Whatever your creed, race or religion, I wish you a wonderful Christmas. Unless you’re a Catholic, because the behaviour of your Pope fills me with dismay. I was sure he would turn out to be a reactionary, but he seems intent on proving me wrong, and I can’t afford for people to think I sometimes make mistakes. And if you’re a Muslim, you need to be doing more to stop ISIS. And if you are a fan of the TV show Downton Abbey and didn’t write in to the producers expressing your disgust that Lord Grantham’s dog was named Isis, you’re just as bad as the terrorists. And if you did write in to the producers of the TV show Downton Abbey about the dog Isis, what the hell is wrong with you? Do you know that they killed the dog off because of all the flack they received about its name? THEY KILLED A DOG BECAUSE OF YOU! You will probably rot in Hell for what you have done, and it’s no more than you deserve.

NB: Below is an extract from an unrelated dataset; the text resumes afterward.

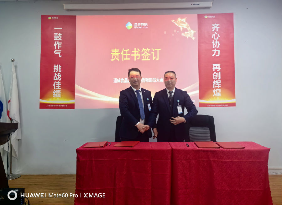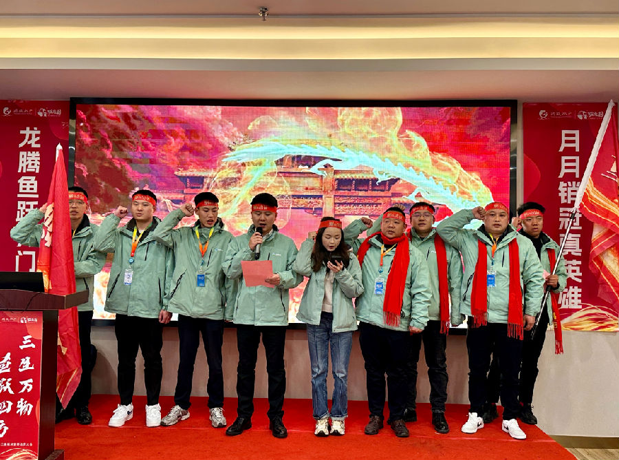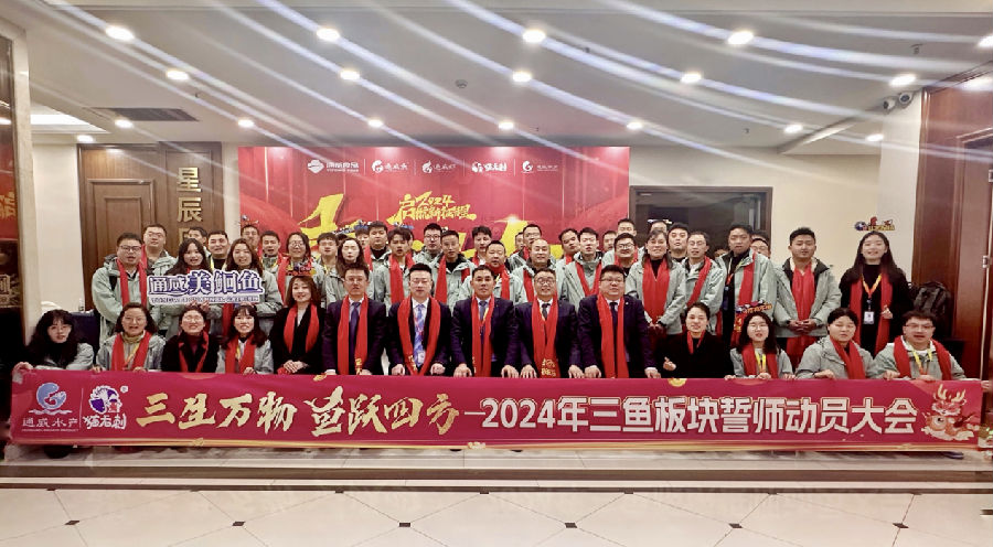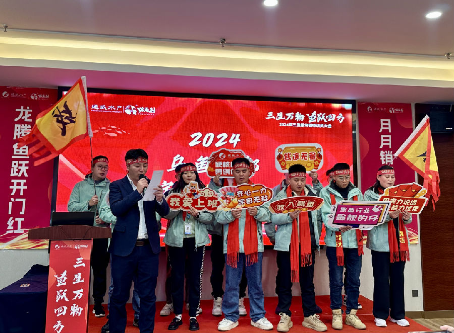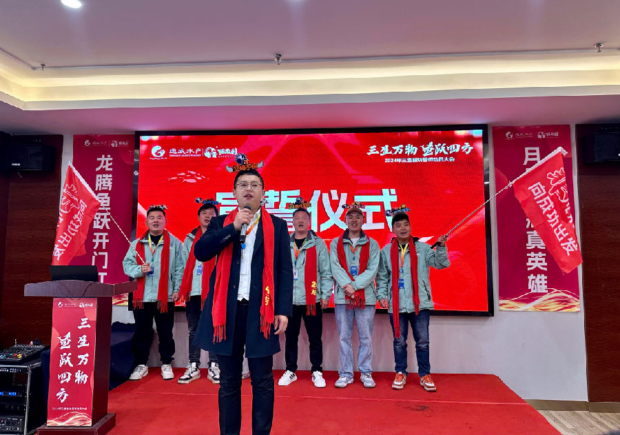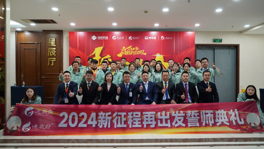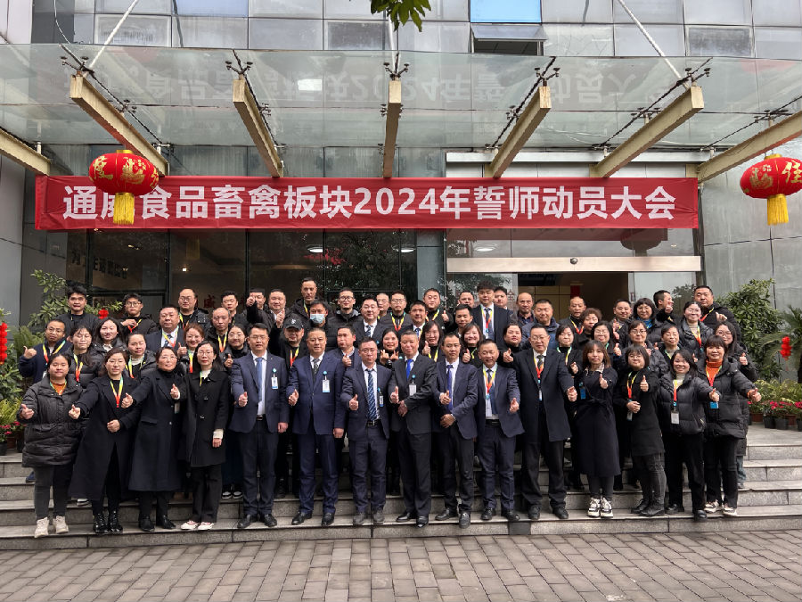 2024年新年開工第一周,通威食品各公司陸續召開誓師動員大會,通過部署2024年工作、簽訂軍令狀和團隊宣誓等形式,激勵全體員工以更加飽滿的熱情和更加高昂的鬥志,迎接新的挑戰和機遇。

And to my personal friends and family members. Where were you when I made a fool of myself on the internet again and again? When I needed you to tell me to step away from the keyboard, you let me down. I thought you liked me, but all the time you were spinning your webs, doing all you could to destroy me. Wish you a merry Christmas? I don’t think so.
To every other member of the human race, I wish you would stop. You are ruining the planet with your polluting ways. You are destroying the Earth. You pump harmful carbon dioxide into the atmosphere every time you exhale. You poisonous people are killing my future, so why should you enjoy a pleasant Christmas break?
But to everyone else, I wish you and your family all the very best for this Christmas, and hope you have a peaceful and relaxing New Year.